The sight of a sandhill crane on this road is more likely than his Easymile AV (autonomous vehicle). But after a day tinkering and testing, the mini will hit the roads at Babcock Ranch this weekend, where it will take people around the property.
“Cars are one of the most underused pieces of property,” says John Lambert, a research associate at University of Central Florida’s institute for simulation and training. “You might use it one hour out of 24. The rest of the time you pay for the insurance, the mechanic, while it sits there.”
Lambert is helping Babcock developer Kitson and Partners figure out the right business model to encourage the use of AV services instead of car ownership.
“How will people want to contract or buy it?” Lambert asks. “There are a lot of theories out there. We’re letting real people use the services, and we’ll get real user market data to prove or disprove the theories.”
If this and other AV programs are successful, people might lease or subscribe to an on-call fleet, like Uber without the driver. Instead of two cars, they might own one or none, Lambert says.
The technology behind AVs isn’t new, he points out. It was developed more than 15 years ago by the Department of Defense to remove the need for drivers in hazardous situations. If you’ve taken an airport or Disney World shuttle, you may have used a similar application.
Florida has already passed legislation that would allow driverless cars on its byways. The question for everyone from businesses to Lee County’s Metropolitan Planning Organization, which has scheduled a discussion on the topic later this month, is how.
Transdev CIO Neal Hemenover, who’s helping Babcock with its AV program, sees the vehicles as one in a portfolio of transportation options rather than a total car substitute.
“Transdev is moving about 4,000 people a day In AVs,” says Hemenover, who’s company is involved in every form of transportation from city buses to rail, taxi and execu-car services. “In Rotterdam (the Netherlands), the local transit authority runs driverless shuttles in the middle of the city. Civaux (a nuclear power utility) in France uses them to transport employees to its different campuses.”

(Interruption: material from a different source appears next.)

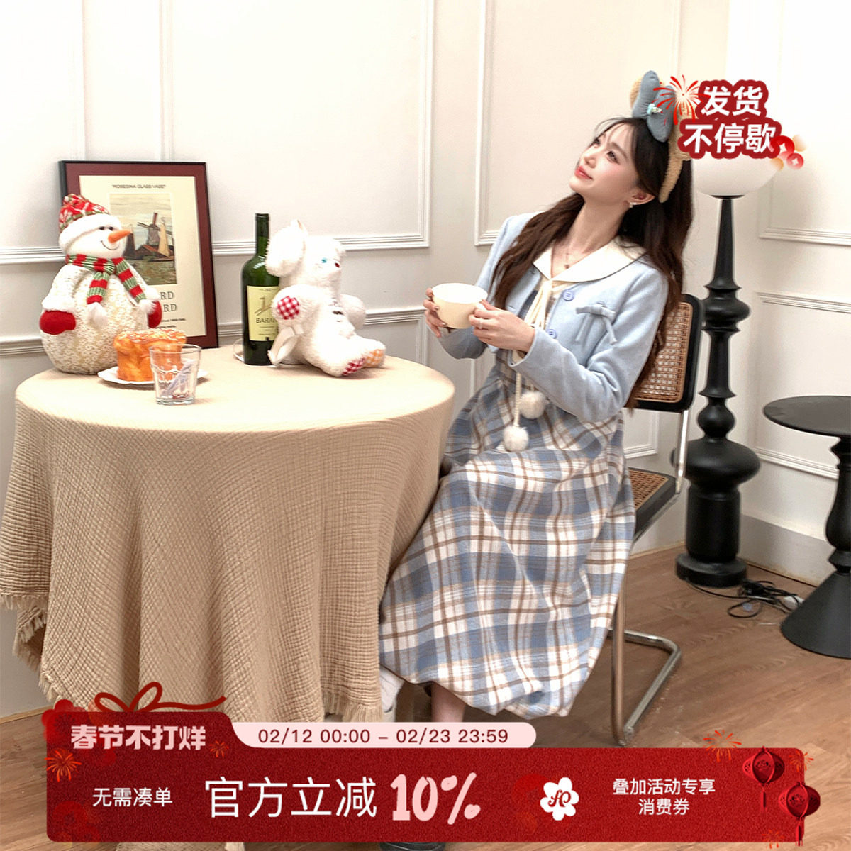 冬日少女感洋装Lolita裙圣诞节毛绒外套拼接红色假两件格纹连衣裙

The AVs allowed Rotterdam to create a new a transport hub without building new infrastructure, he says. It was able to dedicate one lane of its roadway to the AVs, similar to a bike lane. The riders pay their normal fee.
The French city of Lyon launched the world’s first driverless bus service last year.
AV technology is still young enough that it’s being rolled out under controlled conditions to assure safety.
For now, Babcock will offer two- and four passenger AVs that would come to the house and take residents to the town square or local school. A larger shuttle would take parties to dinner. Whether it will be free or for pay is still to be determined.
The point is to make the transportation fleet sustainable. With one AV program under its belt, Kitson and Partners could offer a similar service in other planned communities or in commercial centers like the amateur sports complex it hopes to develop in Lee County.
Morning turns to afternoon, and Karavidas gets the little red Easy Rider to run the course perfectly.
It might only be a quarter of a mile at less than 30 mph. But for Southwest Florida, it’s change at warp speed.